IBMs Watson Avatar
Everyone lives life through a filter, a delusion. It's a necessary buffer that once protected us from the thought that yes indeed, that tiger, that hyena, that other clan member, is going to kill and eat us; or, just kill us. Night terrors were once reality; sitting awake at night, wondering what those eyes in the dark are going to do is beyond terror to reality.
Thinking we are invincible, can fly, are invisible, or are protected by an all seeing, all powerful dude in a beard, certainly passes the time, and allows us to survive without murderous stomach ulcers or having a stroke, through one more night as a food source.
We have a new delusion. One that will be computer enhanced. It's called, Watson,
For three days this week, I watched IBM's Watson advanced computer play against two of the best Jeopardy! players. Pretty cool.

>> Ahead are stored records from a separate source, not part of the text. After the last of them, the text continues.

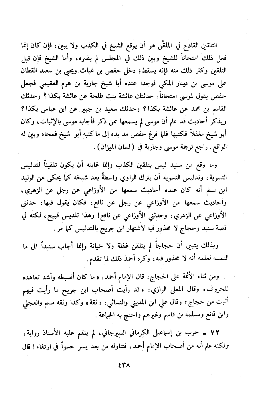 وما وقع من سنيد ليس بتلقين الكذب وإنما غايته أن يكون تلقيناً لتدليس التسوية، وتدليس التسوية أن يترك الراوي واسطة بعد شيخه كما يحكى عن الوليد بن مسلم أنه كان عنده أحاديث سمعها من الأوزاعي عن رجل عن الزهري، وأحاديث سمعها من الأوزاعي عن رجل عن نافع، فكان يقول فيها: حدثني الأوزاعي عن الزهري، وحدثني الأوزاعي عن نافع! وهذا تدليس قبيح، لكنه في قصة سنيد وحجاج لا محذور فيه لاشتهار ابن جريج بالتدليس كما مر.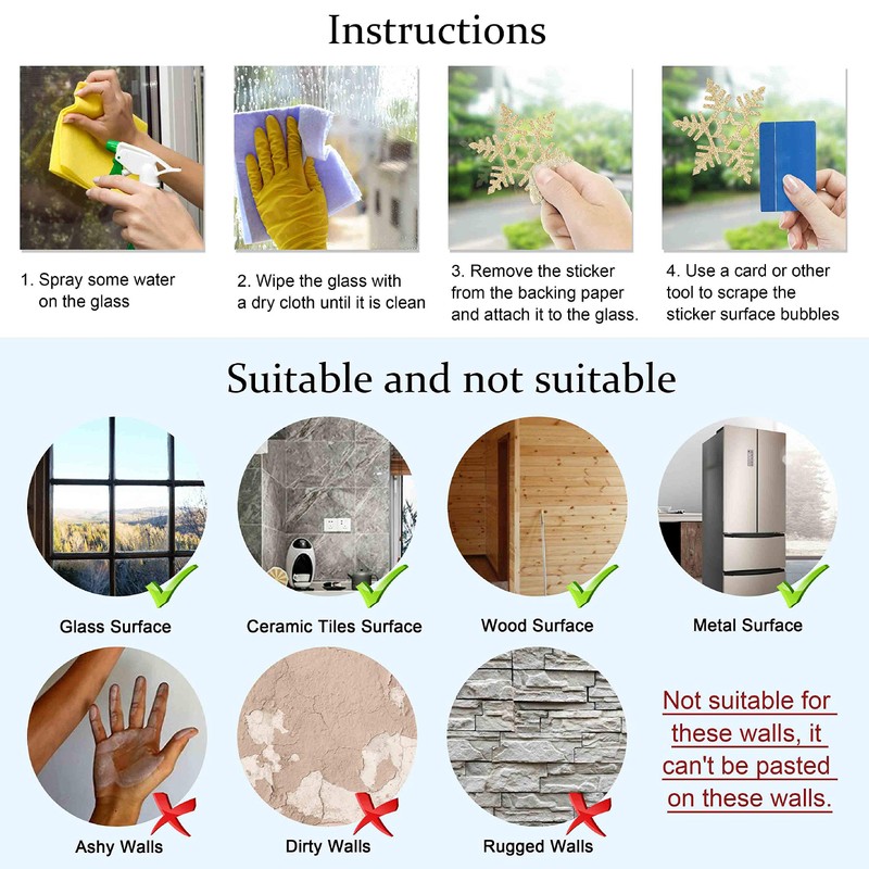 - ❤️ Static cling means no adhesive, just a fine spray of water to apply which means no lasting damage to your windows and your window clings can be moved easily and re-used next year. It can be applied to any smooth , clean and dry surface. water resistant, double sided visual design.Please note it cannot be used in warm place,the heat may cause them to shrunk or peel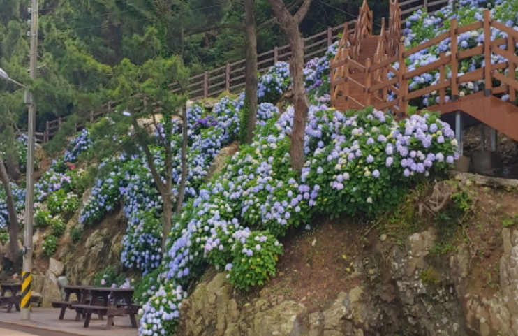 - 특징: 여름꽃 수국과 아름다운 거제 해안의 조화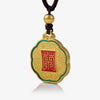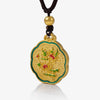 The peony (牡丹), known as the "king of flowers," represents wealth, nobility, and feminine grace in Chinese tradition. In this piece, vibrant red and green enamel blooms across a golden garden, framed by the plum blossom shape, a symbol of resilience. The reverse bears a red stylized seal, grounding the piece with dignity and balance.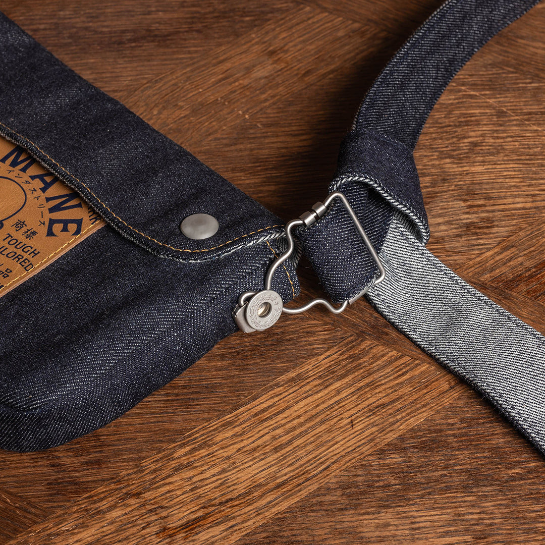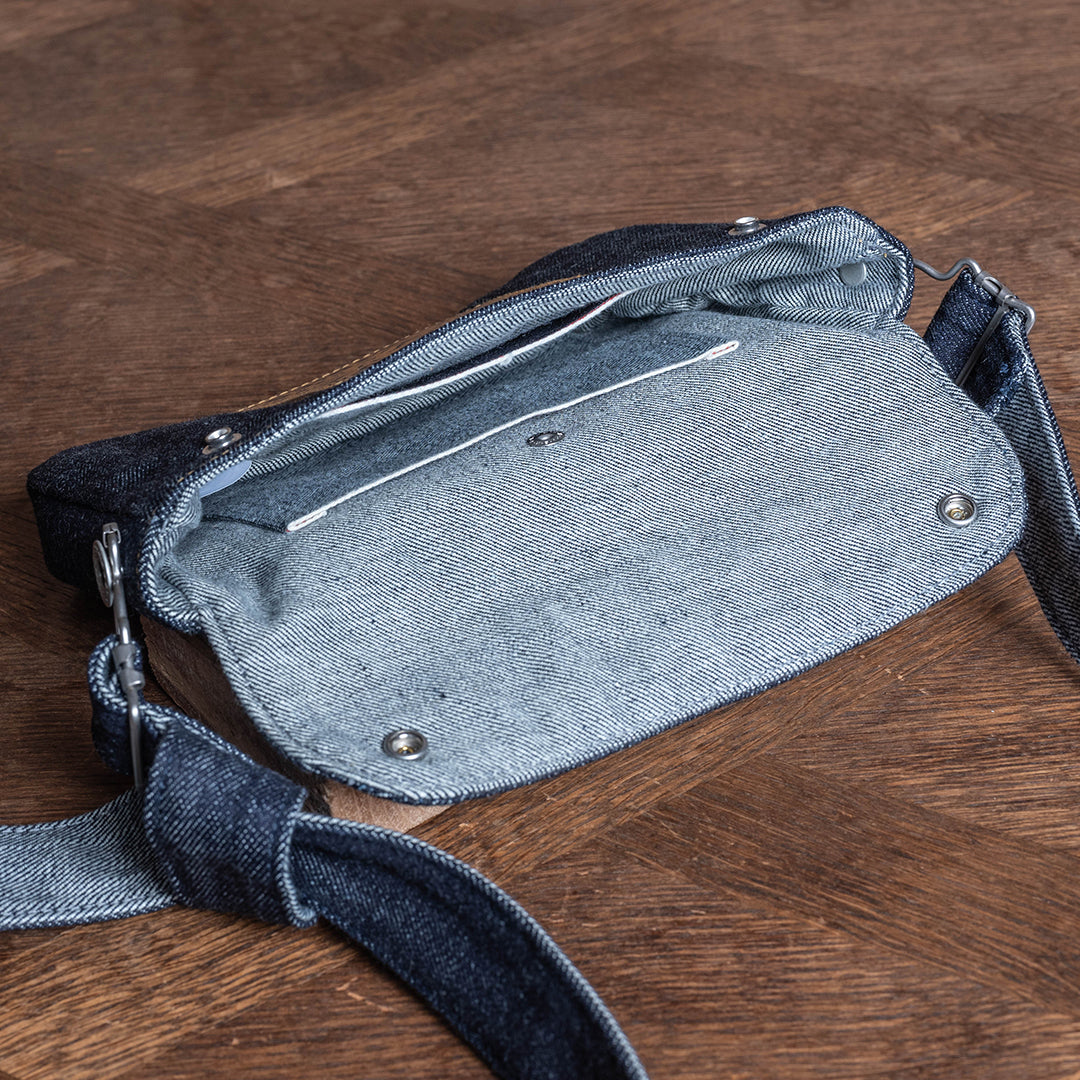 - Original denim used - 1 outside pocket - 2 inside pockets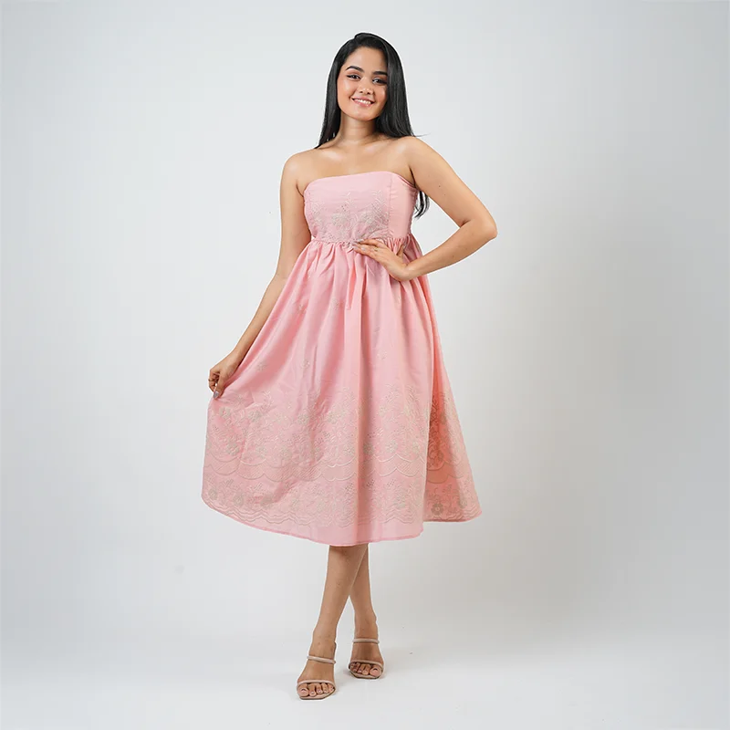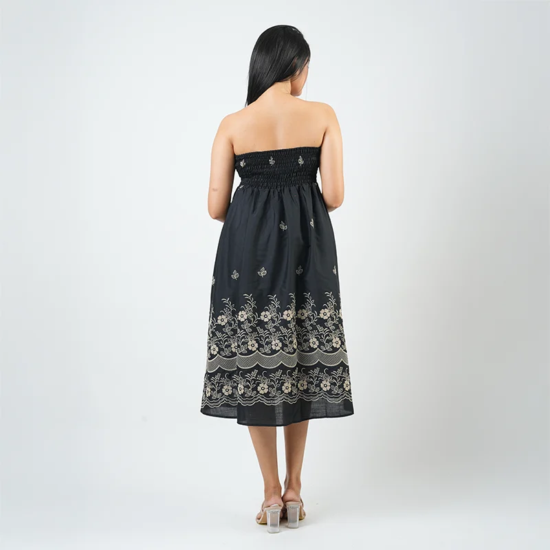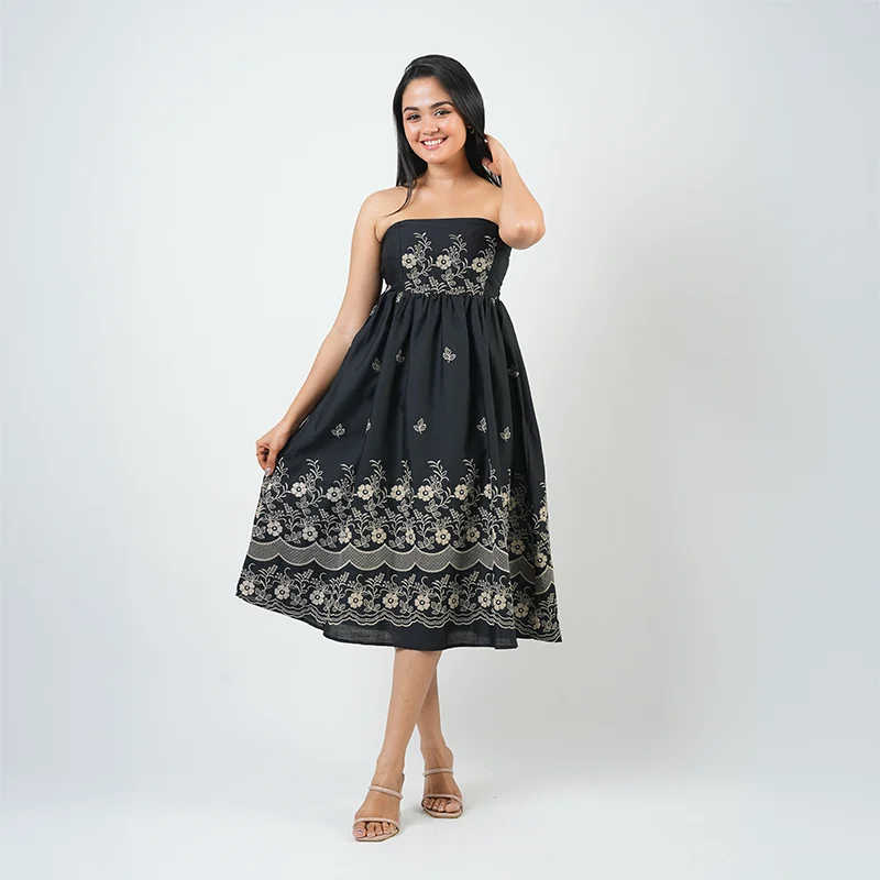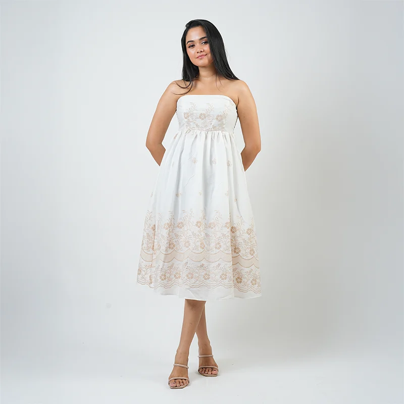 Effortlessly chic and timeless, this strapless midi dress captures the essence of graceful femininity. The delicately embroidered hem adds a touch of elegance, while the softly gathered waist creates a flattering, flowy silhouette perfect for any occasion.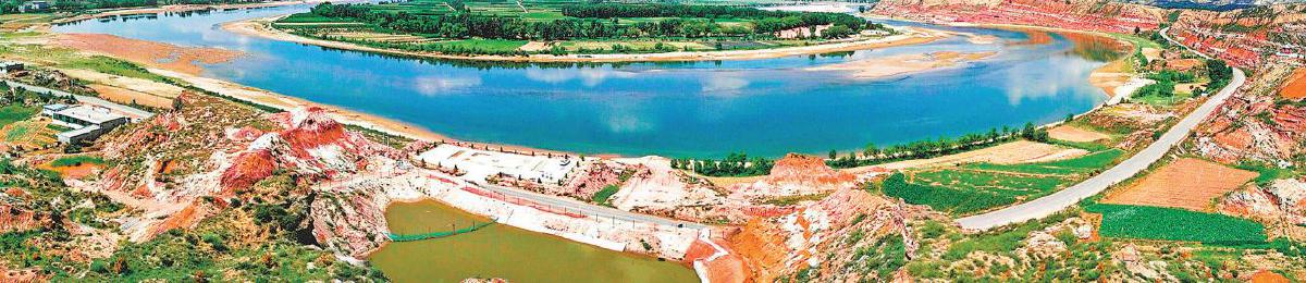 冲上河西岸一段起伏的山路,我们首先抵达“黄河入陕第一湾”观景台。站在高台北望,黄河从蒙晋大地浩荡着奔流而来,在墙头形成一个巨大的“S”形弯,河西秦地,耸立的丹霞崖石之上“黄河龙湾”摩崖极为醒目。俯瞰脚下,黄河在此犹如一张巨大的太极图,阳极是水草丰美、绿树成荫的塞上江南,阴极是丹霞秃岭、墩台高耸的大漠孤烟,让人不禁想起唐代诗人王维笔下“大漠孤烟直,长河落日圆”的壮阔景象。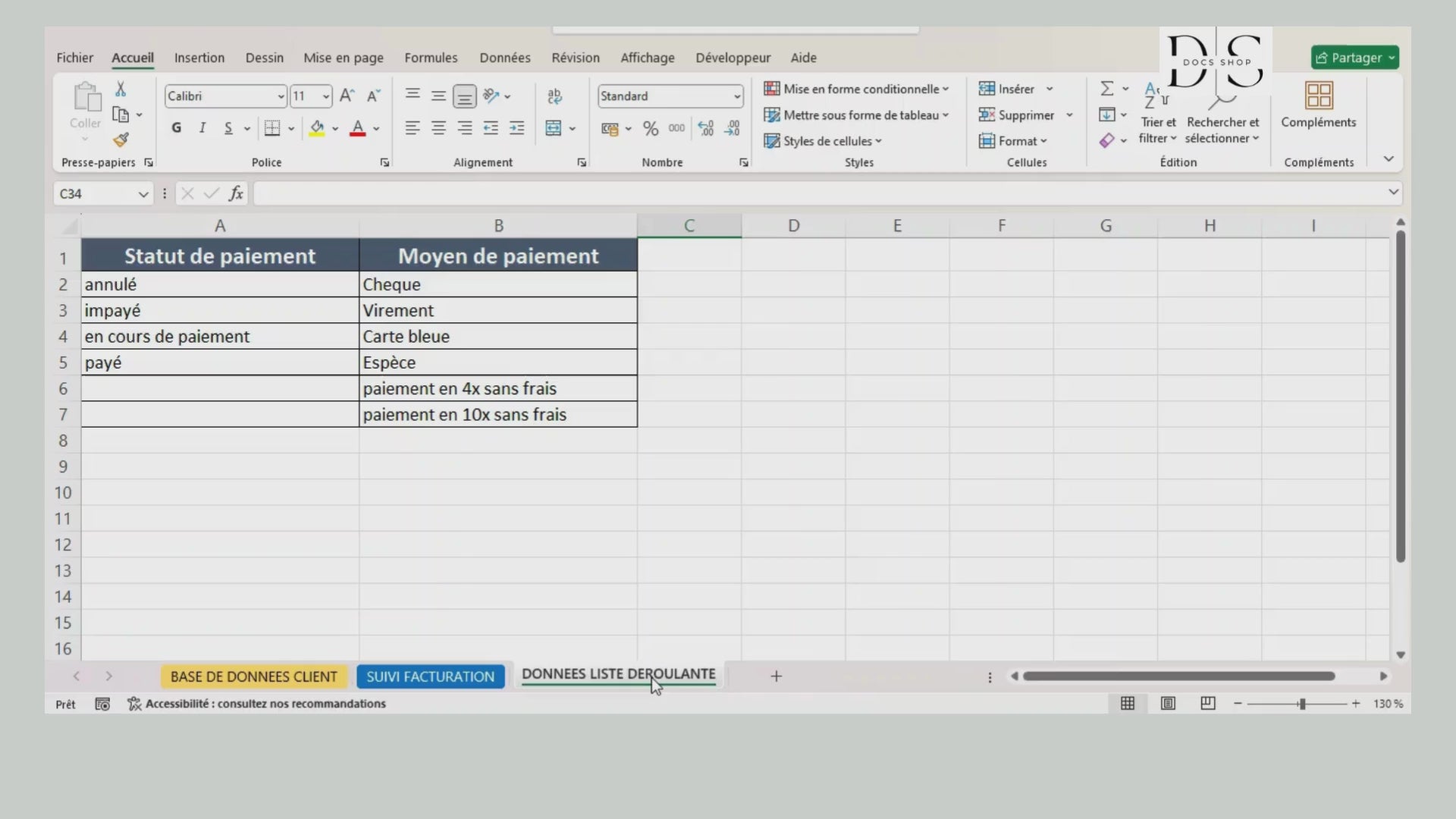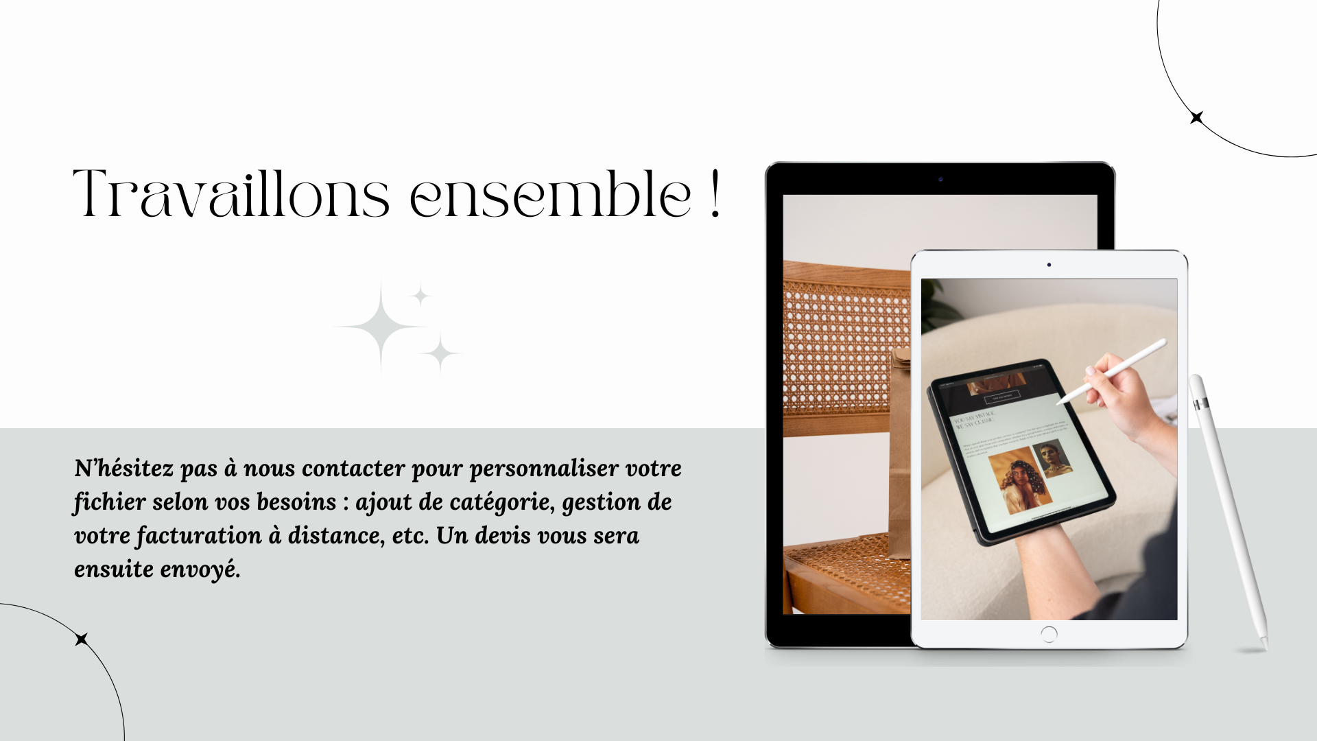 N’hésitez pas à nous contacter par mail (docsshop27@gmail.com) pour personnaliser votre fichier selon vos besoins : ajout de catégorie, personnalisation de la liste déroulante, gestion de vos factures à distance, etc. Un devis vous sera ensuite envoyé.

Both as a media stunt and to show off its abilities, IBM began talking two years ago to Jeopardy producers about doing a show, not unlike that of IBMs Big Blue computer playing (and winning) a chess game against Gary Kasparov back in 1989.
Jeopardy! will go to charity.
This is one of those things that some day in the future, people may well talk about this three episode day shows of Watson against two of Jeopardy's best players from years past. The longest running player and the highest dollar winning player.
Watson had some quirky moments, like on Final Jeopardy, losing the answer, but winning by having the most monetary win for the day and only betting $947. What the formula is to have allowed it to judge that move is unknown but it was some great showmanship.
After competing against the two greatest Jeopardy! champions of all time, the technology behind Watson will now be applied to some of the world’s most enticing challenges.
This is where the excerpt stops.